Morritt's is a great location for SCUBA, snorkeling in good weather, and windsurfing.  Most of the other activities (already mentioned by quiltergal) and the best beach are on the other side of the island.  You'll probably want a rental car for the week.


----------



## kcgriffin (Mar 21, 2007)

Tim,

If you are trading a Marriott try for either the new Marriott in St Kitts or St Thomas, both are brand new and should have lots of availability for Marriott owners.


----------



## tim (Mar 21, 2007)

kcgriffin said:


> Tim,
> 
> If you are trading a Marriott try for either the new Marriott in St Kitts or St Thomas, both are brand new and should have lots of availability for Marriott owners.

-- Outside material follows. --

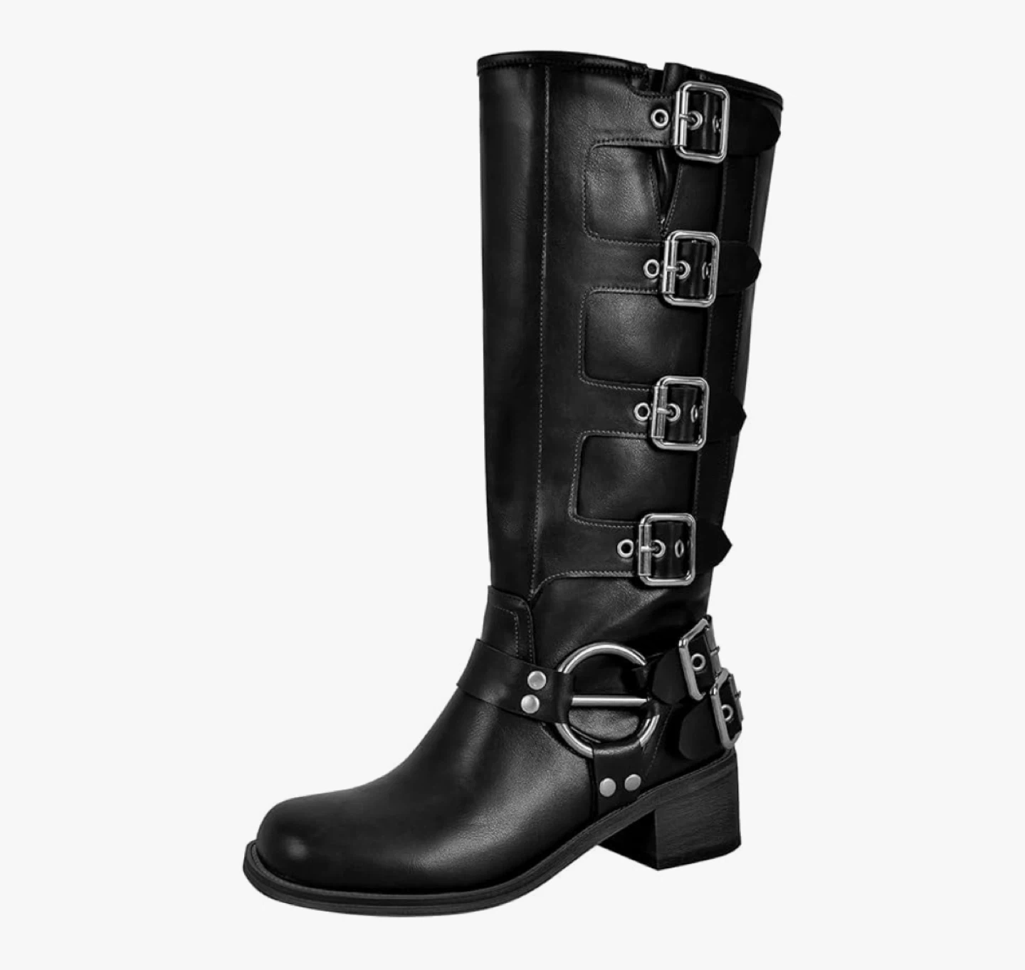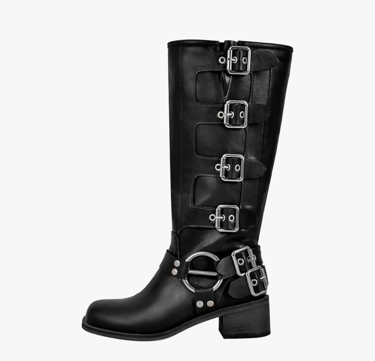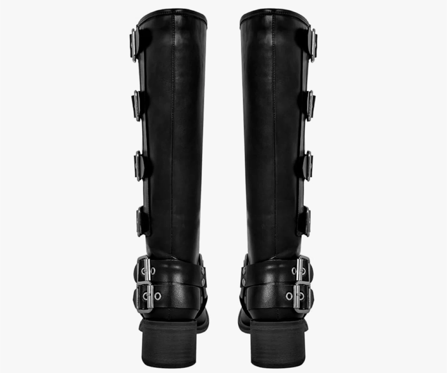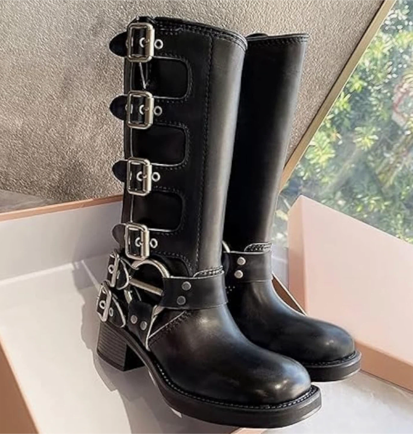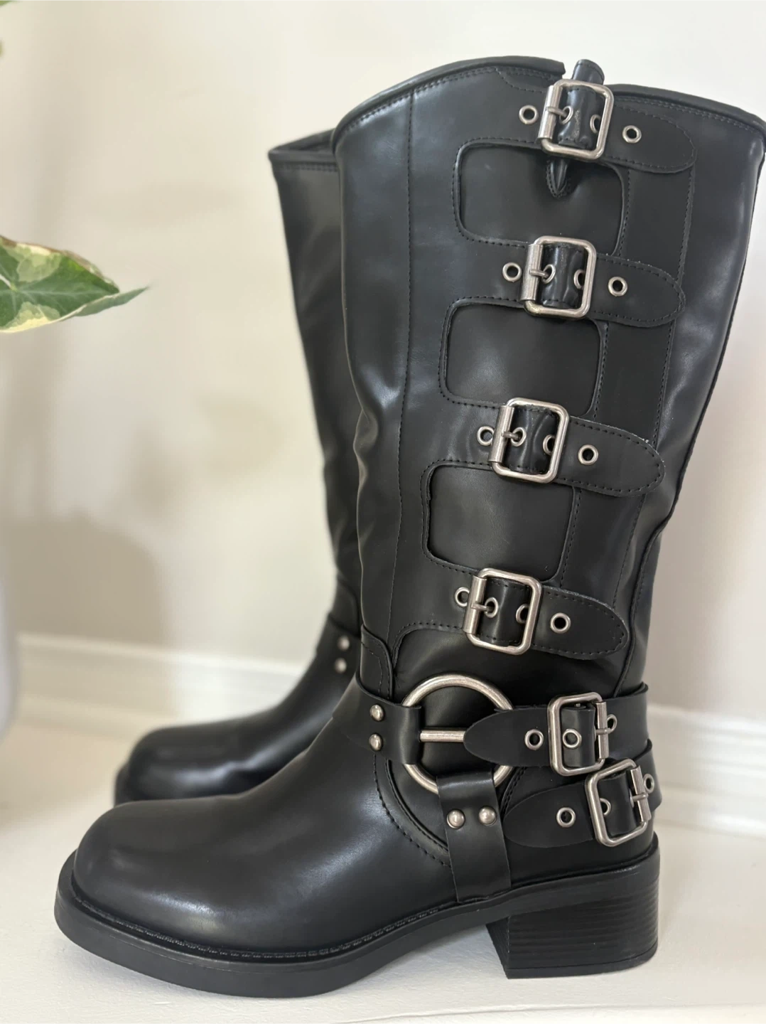Women's Wide Calf Riding Boots - New in box Square Toe Chunky Heel Black Size : 11 Wide calf Calf height Sole is rubber Vegan leather Adjustable Buckle Straps: Designed with multiple adjustable straps for a trendy. Pull-On Design Meet up & cash only pls Meet up is in Nobleton

Based on all the input, I think I will indeed try for the Marriott in St Thomas.  Kcgriffin, when I do my request should I also list the Westin in St John?  While I would prefer around X-mas 2008, I expect my best chances would be Thanksgiving week 2008, right.  Thanks.


----------



## Larry (Mar 23, 2007)

SCUBA said:


> TIM
> 
> But from what I can see it doesn't look all that hard to get into Aruba. Its got decent diving Southcoast drift dives are great.
> Bill




Sorry Bill but I don't agree. Aruba for xmas would be a miracle to trade into any resort except for maybe Carribean Palm village. La cabana or La quinta and unless there is a last minute cancellation I doubt you could get any of those. I do see plenty of availability for November including thanksgiving and any week in December except for weeks 51 and 52. I also think it's very rare to find anything in Aruba for weeks 51-12.

St. Marteen would have better availability for weeks 51-12.


----------